Fox News aired a segment debunking false election claims made on its shows after a lawsuit threat from the voting technology firm Smartmatic, The Washington Post reports.
Fox Business host Lou Dobbs was the first to air a segment refuting claims made by him, Trump attorney Rudy Giuliani, and former Trump lawyer Sidney Powell alleging that Smartmatic and Dominion Voting Systems were involved in a scheme to flip votes from President Donald Trump to President-elect Joe Biden.
“There are lots of opinions about the integrity of the election, the irregularities of mail-in voting, of election voting machines and voting software,” Dobbs said, before introducing Eddie Perez, an expert at the Open Source Election Technology Institute, to give “his assessment of Smartmatic and recent claims about the company.”
Perez explained that Smartmatic and Dominion were two separate companies and that there was no evidence of vote flipping or other claims made by Giuliani. Smartmatic’s software was only used in Los Angeles County, he explained, not any of the states where Trump has falsely claimed the election was stolen.
Fox News host Maria Bartiromo and Jeanine Pirro also aired the segment.
Segment came in response to lawsuit threat:
The segment aired after Smartmatic threatened to sue Fox, Newsmax, and OANN, demanding “a full and complete retraction of all false and defamatory statements and reports” about Smartmatic.
“Fox News has engaged in a concerted disinformation campaign against Smartmatic. Fox News told its millions of viewers and readers that Smartmatic was founded by [the late Venezuelan President] Hugo Chávez, that its software was designed to fix elections, and that Smartmatic conspired with others to defraud the American people and fix the 2020 U.S. election by changing, inflating, and deleting votes,” the company said.
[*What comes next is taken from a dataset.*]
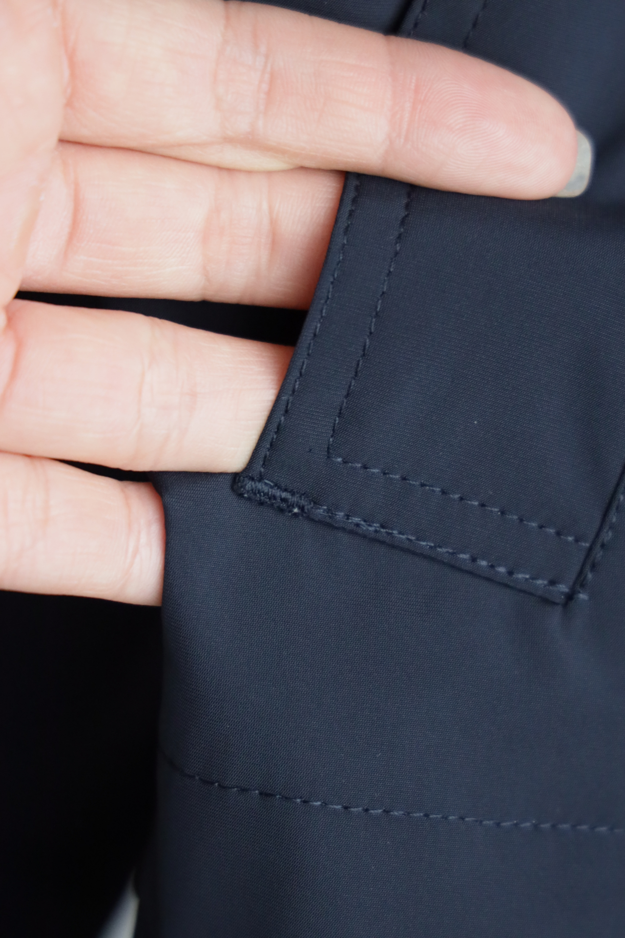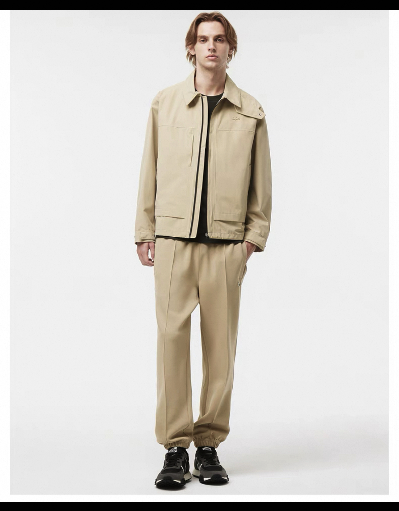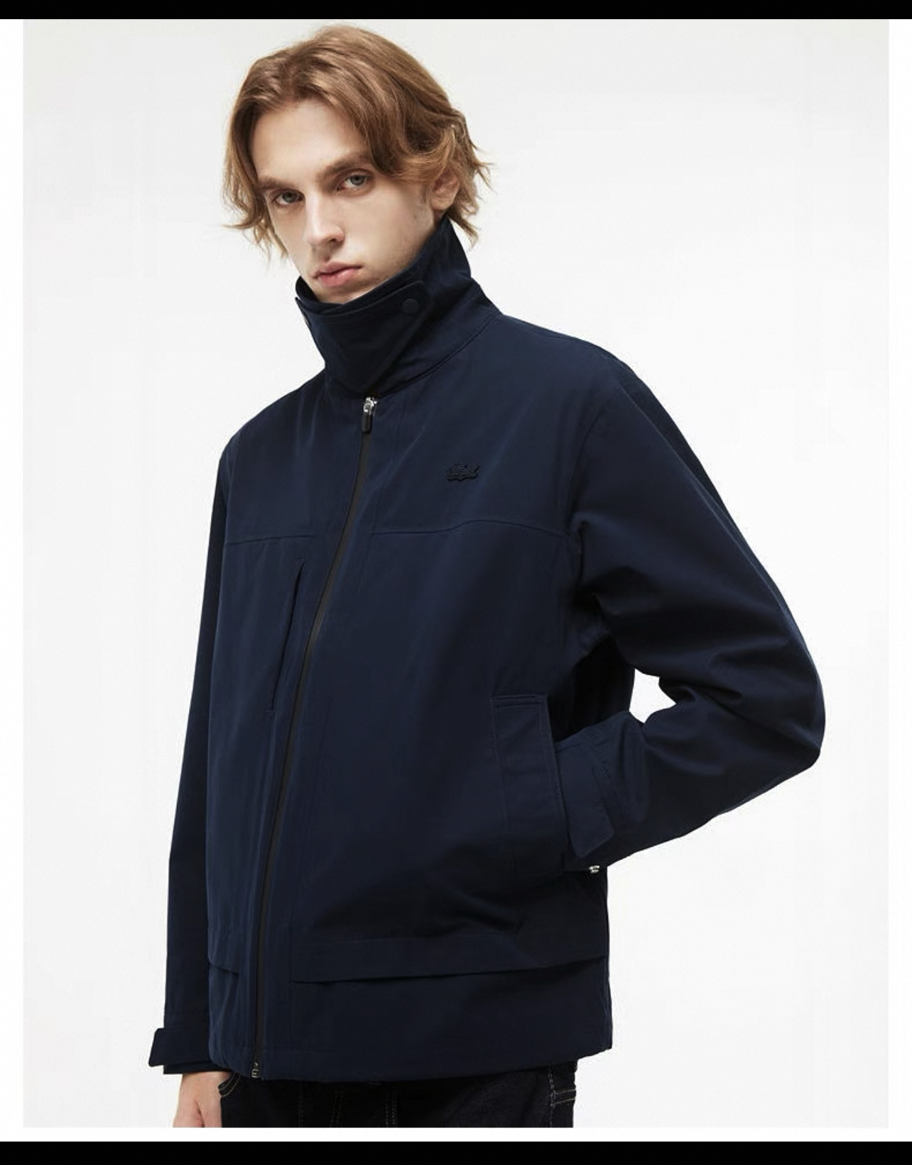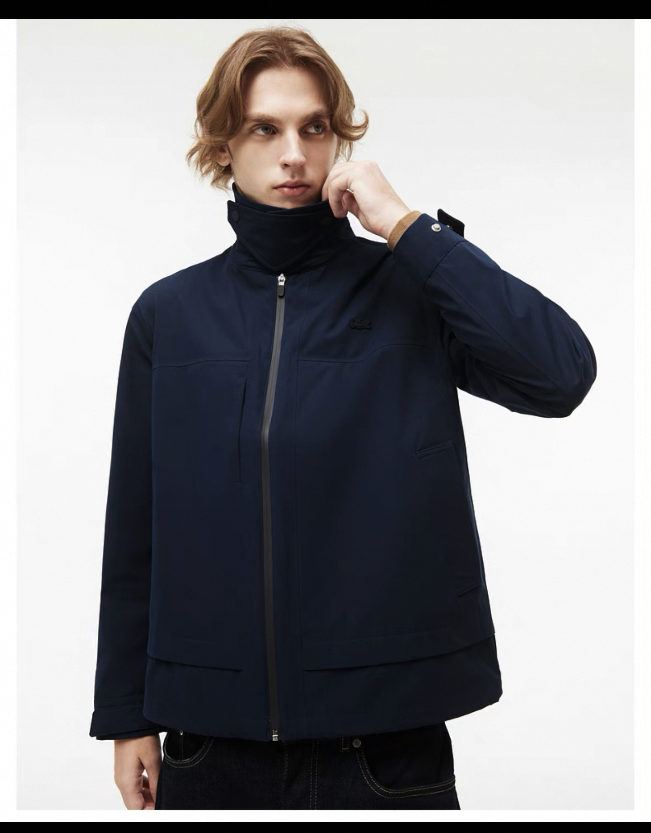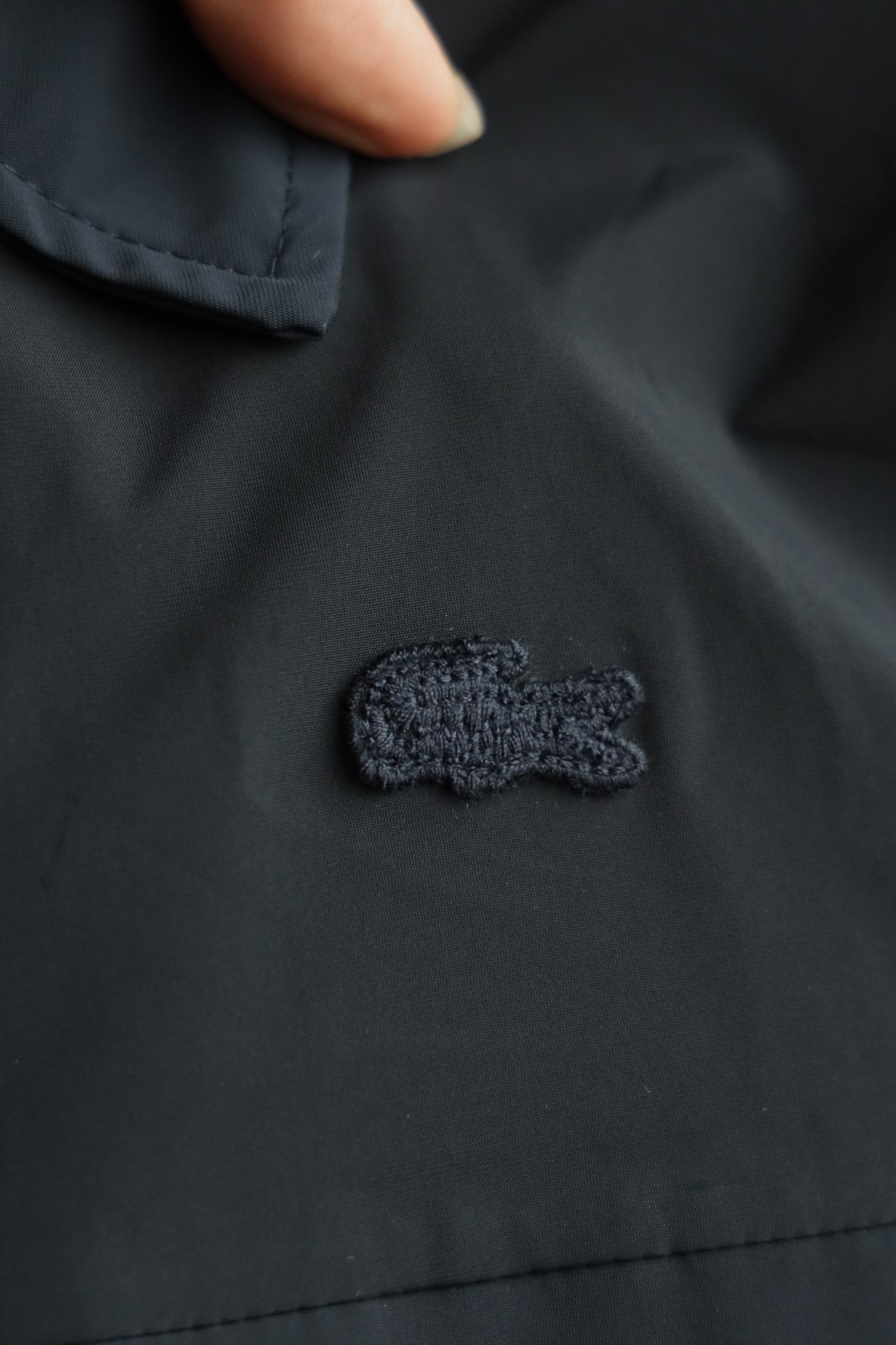 胸口同色系小标刺绣,内里全压胶,下摆也做了调节抽绳设计

Dominion separately threatened to sue Powell and the Trump campaign over its false claims about their voting machines.
The company demanded corrections “must be published on multiple occasions” and must be made during prime-time shows, so as to “match the attention and audience targeted with the original defamatory publications.”
Perez was unaware of segment:
Perez was unaware that he was being used for the segment, Gregory Miller, the co-founder of OSET, told The Washington Post.
“In fact, it was a bit sketchy in terms of Fox disclosures about purpose — not uncommon in our experience,” he said. “They informed us that it would be a Zoom interview to serve in a ‘package of reporting’ about election systems vendors. … We were all surprised when it ran, how it was framed, and what it ended up being.”
Miller said that Perez “had no knowledge of why they were doing this” and that “we were not told clearly if or when any such package or segment would run.”